ABOUT THE WOMEN’S ALZHEIMER’S MOVEMENT
Founded by Maria Shriver, the Women’s Alzheimer’s Movement (WAM) is a nonprofit organization that is dedicated to raising awareness about women’s increased risk for Alzheimer’s and to educating the public about lifestyle changes they can make to protect their brain health. Through its annual campaigns and initiatives, WAM also raises dollars to fund critical gender-based Alzheimer’s research at leading scientific institutions, so that we can better understand this mind-blowing disease and hopefully get closer to a cure.
ABOUT MARIA SHRIVER
Maria Shriver is an Emmy and Peabody Award-winning journalist and producer, a seven-time New York Times best-selling author, an NBC News Special Anchor and the founder of the Women’s Alzheimer’s Movement. In 2010, her groundbreaking report in partnership with the Alzheimer’s Association, “The Shriver Report: A Woman’s Nation Takes on Alzheimer’s,” was the first to publicly report that Alzheimer’s disproportionately impacts women.
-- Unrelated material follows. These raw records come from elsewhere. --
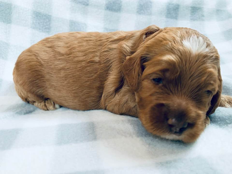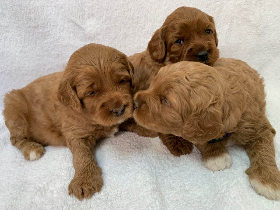 April 13, 2020 – Gretel’s puppies are now a little over four weeks old. They are doing very well. They are good eaters and mama is very attentive. They still sleep a lot, but are starting to wrestle and interact a little more. Soon, we’ll get them into the play area to expand their world and their confidence. Today they had baths and then we worked on conditioning them more to blow-drying. They did great! Here are the pictures we took of them today. (Gwen and Gretchen look so much alike! But Gwen has the white boots and Gretchen does not. Good thing we color code each one with a different collar at birth.)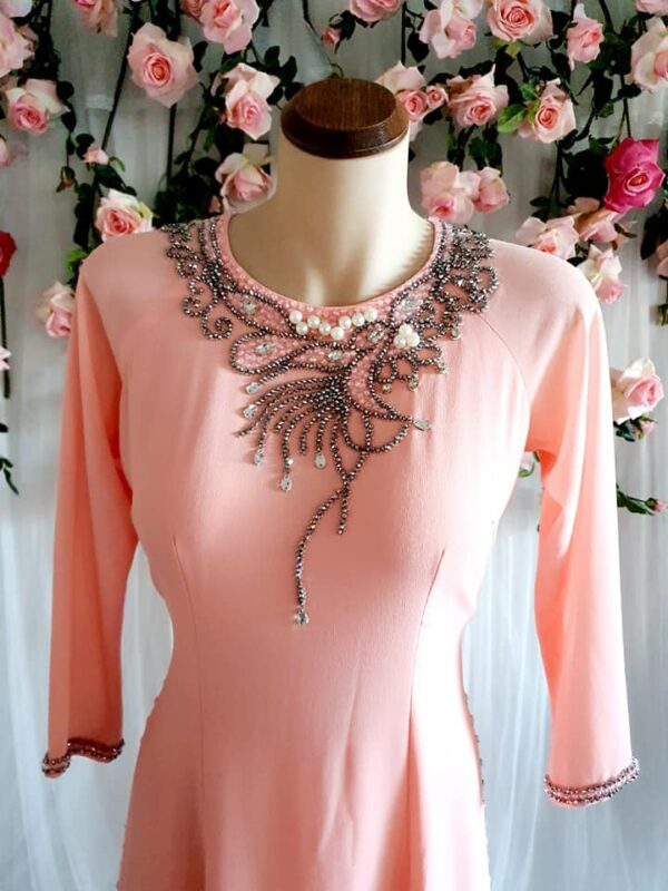 Be the first to review “Tu Trinh – Peach with Gemstones and Pearls Embellishment”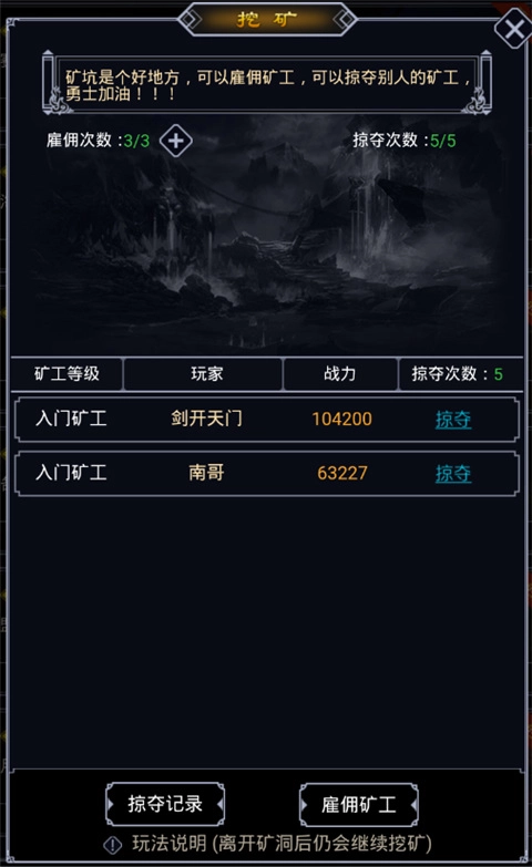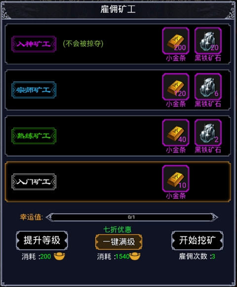 玩家通过雇佣矿工,30分钟后获得固定数量的小金条和黑铁矿石。可以通过消耗元宝提升矿工的等级,增加获得的小金条以及黑铁矿石的数量。消耗200元宝提升一次等级,有几率成功,同时增加一点幸运值。当幸运值满时,提升等级一定成功。还可以花费1540元宝直接提升矿工至满级,并且不会被掠夺。玩家一天挖矿三次,可以通过消耗200元宝增加一次挖矿次数。
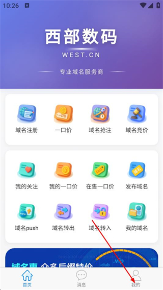 1、在西部数码首页,点击底部我的,进入个人相关页面。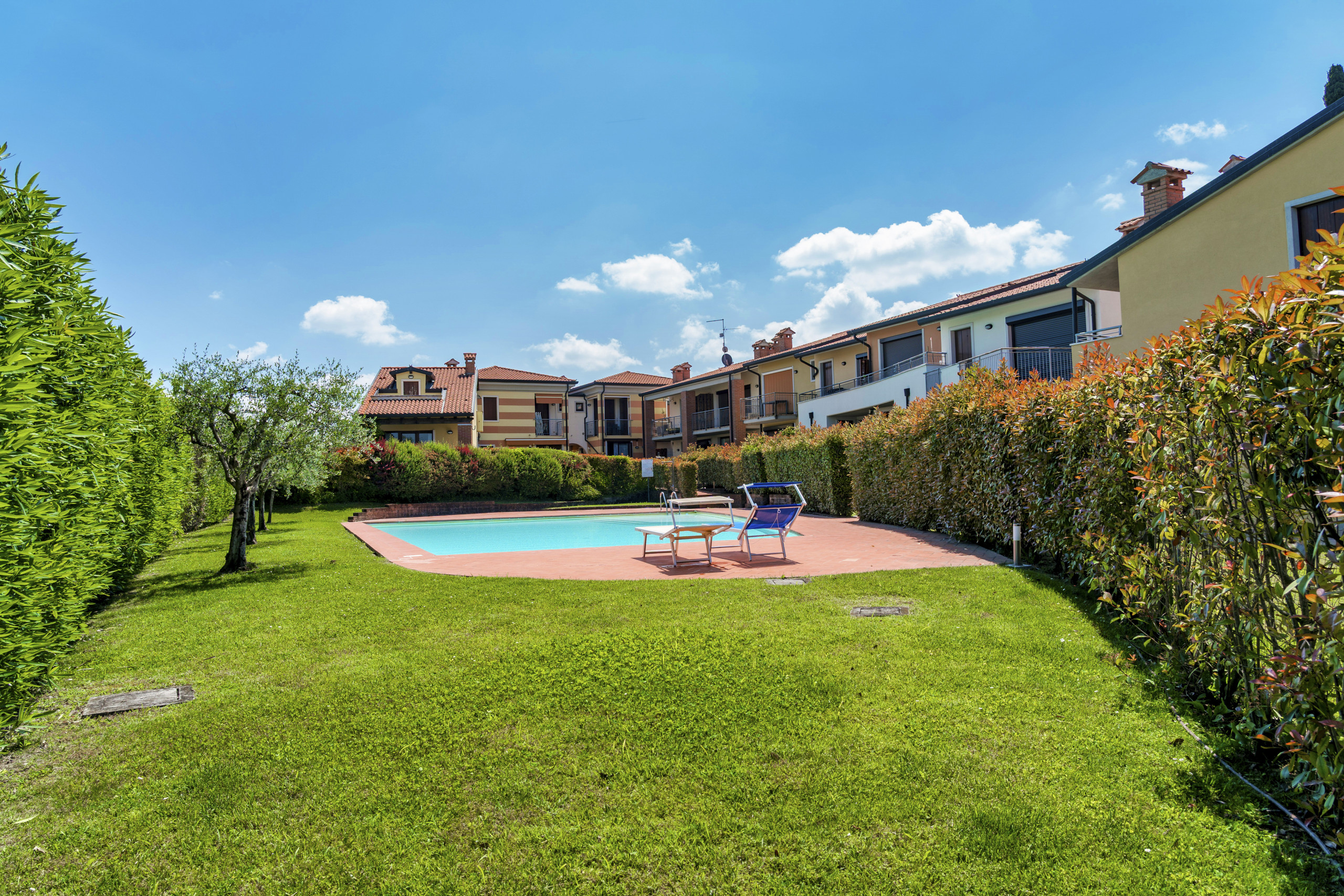 Skøn lejligheds komplet God stor pool, men egne ligge stole i lejligheden (tages med op inden udtjekning) mange lejligheder er ejet af italienere men en er ejet af en dansker udover det er der flere af dem som lejes ud. lejligheden vi var I var øverst oppe (nr2) Fin sovesofa i stuen 1 værelse med dobbelt seng 1 værelse med køjeseng vaskemaskine fungerende køkken får en lille velkomst pose med lidt salt, olie, opvaskemiddel,klude og sukker God ide at medbringe salt/peber selv God udsigt over poolen og søen 10/15minutters gang fra centrum (nemt at gå til) nem kommunikationen og nem indtjekning med kode til en nøgle boks. stille og rolige omgivelser , klart anbefalings værdi. vi har efterladt lidt vaskepulver til de næste gæster 😁
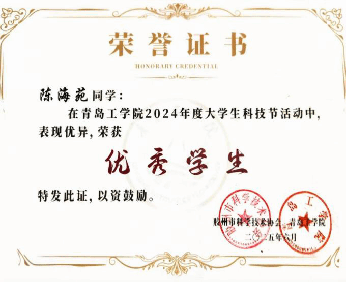校级奖项:青岛工学院“讲好中国故事”外语大赛校赛一等奖;青岛工学院2024年度大学生科技节活动获“优秀学生”称号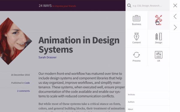 這種導航往往用的是 JS 語言排列布局,加上很多動效。這種方式往往會在一定程度上破壞可用性,但不得不說這會給人非常新穎的感覺。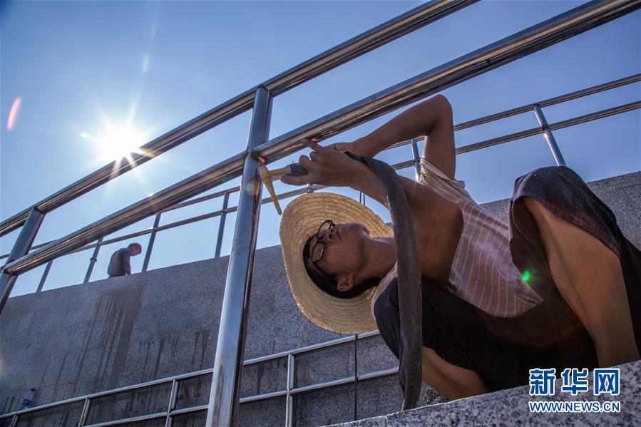 7月30日,在江西省九江市一处建筑工地,一名工人在查看焊接处的缝隙。 烈日炎炎,热浪袭人。建筑工地的劳动者不畏酷暑,坚守岗位,为城市的建设奉献汗水。 新华社发(杨牧青 摄)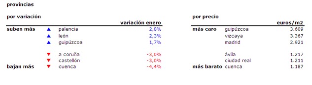 El ranking de las provincias más caras se mantiene sin novedades, encabezado por las provincias vascas de Guipúzcoa y Vizcaya, con 3.609 euros/m2 y 3.367euros/m2 respectivamente. Tras ellas se sitúan Madrid (2.921 euros/m2) y Álava (2.579 euros/m2). Barcelona queda relegada al quinto puesto (2.562 euros/m2).
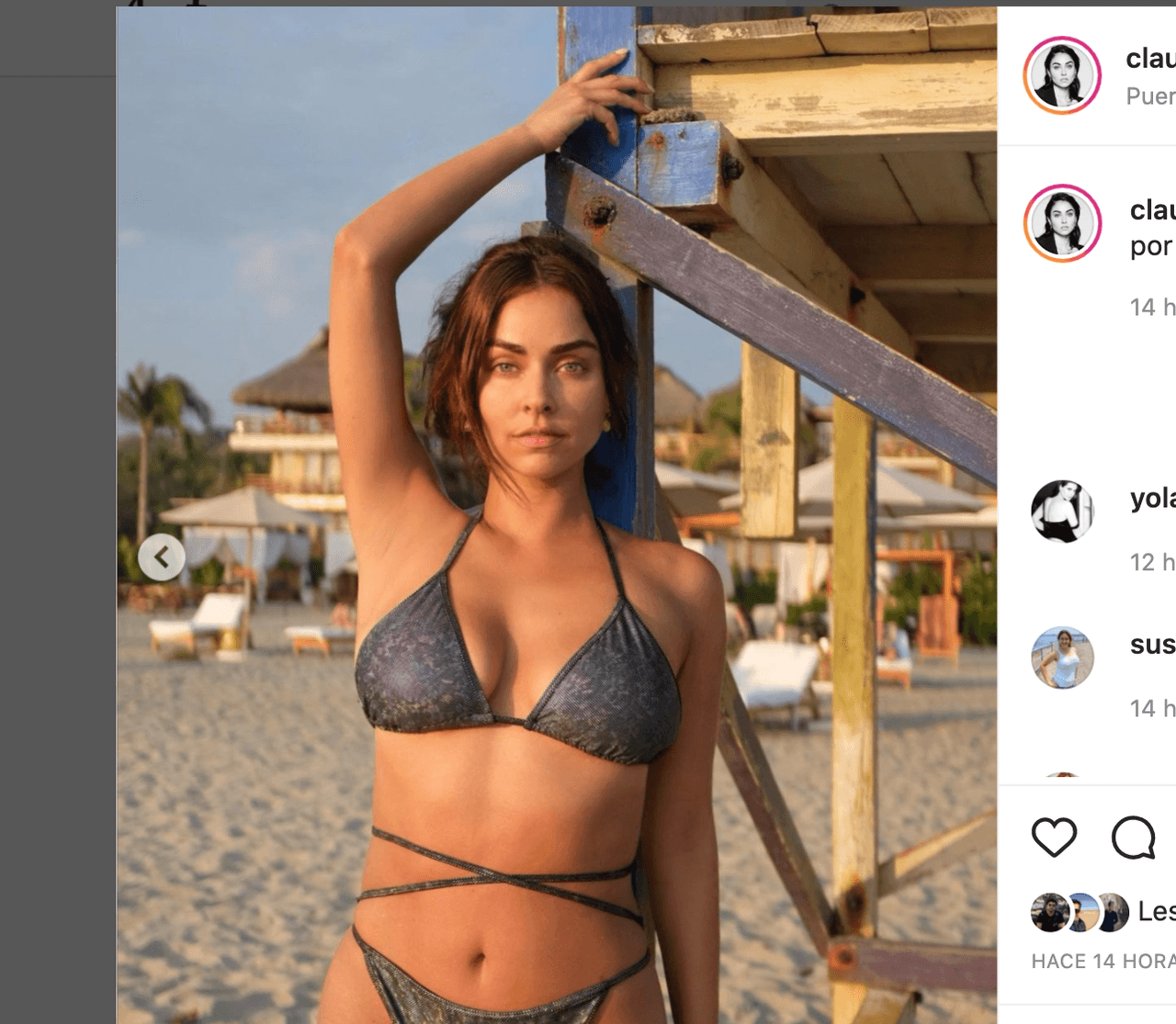 Sin embargo, recientemente publicó un par de imágenes en la playa de Puerto Escondido, Oaxaca, que volvió locos a sus fans. En éstas, se puede ver a Claudia posando con un traje de baño oscuro con textura, leves marcas de otros colores, y un cordón que cruza por su abdomen y que hace que dicho bikini, sea uno de los más originales que la artista haya compartido.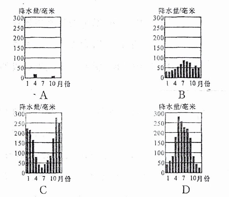 2. 下列选项是根据表中数据绘制的该地区降水量柱状图,其中绘制正确的是(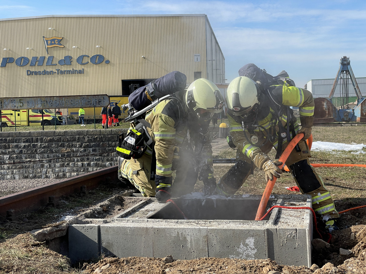 Die Feuerwehr Dresden musste am Mittwochmittag zu einem Brand im Alberthafen ausrücken. In einem mehrere hundert Meter langen Kabelschacht war ein Feuer ausgebrochen. Als die ersten Einsatzkräfte vor Ort eintrafen, schlugen Flammen und schwarzer Rauch aus einer Öffnung des Kanals.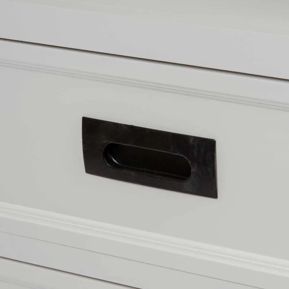 - Deckplatten aus braunem Tannenholz, grau gewischt, Korpus und Front aus lackierter MDF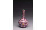 A FAMILLE ROSE PINK GROUND 'DRAGON' BOTTLE VASE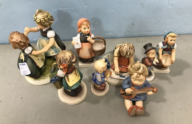Group of West Germany Goebel Figurines, porcelain, 8 total. Group of West Germany Goebel Figurines, porcelain, 8 total.

Shriver executive produced the Academy Award-winning film, “Still Alice,” which tells the story of a woman affected by early onset Alzheimer’s disease, and co-executive produced the Emmy Award-winning HBO series “The Alzheimer’s Project.” She also authored the bestselling children’s book “What’s Happening to Grandpa?” and “Color Your Mind,” the first-ever coloring book for people with Alzheimer’s. Shriver has testified in front of Congress twice on behalf of Alzheimer’s. Her voice was instrumental to the 2010 passage of the National Alzheimer’s Project Act. In 2017, Shriver received the Alzheimer’s Association’s first-ever Lifetime Achievement Award.